We are trying to run a query like following and it’s pushing down different ES query to different versions of ES clusters
Select t.a, count(t.a) as a_count
From tbl t
Group by t.a
Order by t.a ASC
Limit 5
Now for ES version 5.6.2 the pushdown query involves the group by & aggregation and rest of the order by and limit clauses are executed in Dremio i imagine. But for newer ES 6.0.0, we don’t get a pushdown at all - it’s just a match_all query. Because of this there is a huge discrepancy in performance, ranging from about 3-5 seconds in the first case to 3.2 minutes in the second.
How do we figure out why it’s behaving like this and decides to not pushdown in the newer cluster?

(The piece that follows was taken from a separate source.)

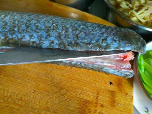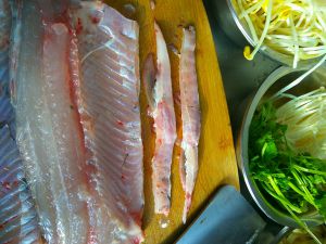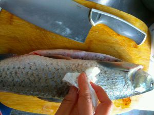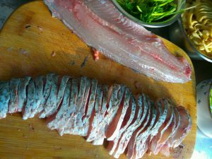 如果切不好片,就直接带着鱼骨,这个切法简单,而且味道更好
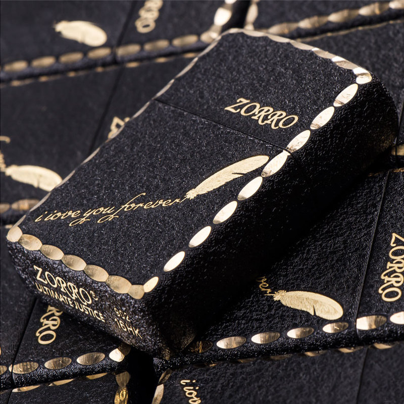 ZORRO磨砂黑花边切羽毛割定制送男士纯铜煤油防风个性打火机潮男

After investigating the query profile, it seems group by behaviour is determined by elastic type for the group by field - group by text fields are not pushed down but keyword, date and long are. Which makes sense because of the uninverting index performance issues and fielddata being disabled by default.
Another related question is why are order by not pushed down to elastic. A simple query with ordering and limit is expected to be fast by our users, but since pushdown doesn’t work the queries take awfully longer :
SELECT t.a
FROM tbl t
ORDER BY t.ingestDate desc
LIMIT 10
In this case, we want to look at the latest 10 rows ordered by ingestDate field. But since pushdown doesn’t work in this case, it gets the whole dataset to dremio before returning the final result set. What’s the rationale behind this?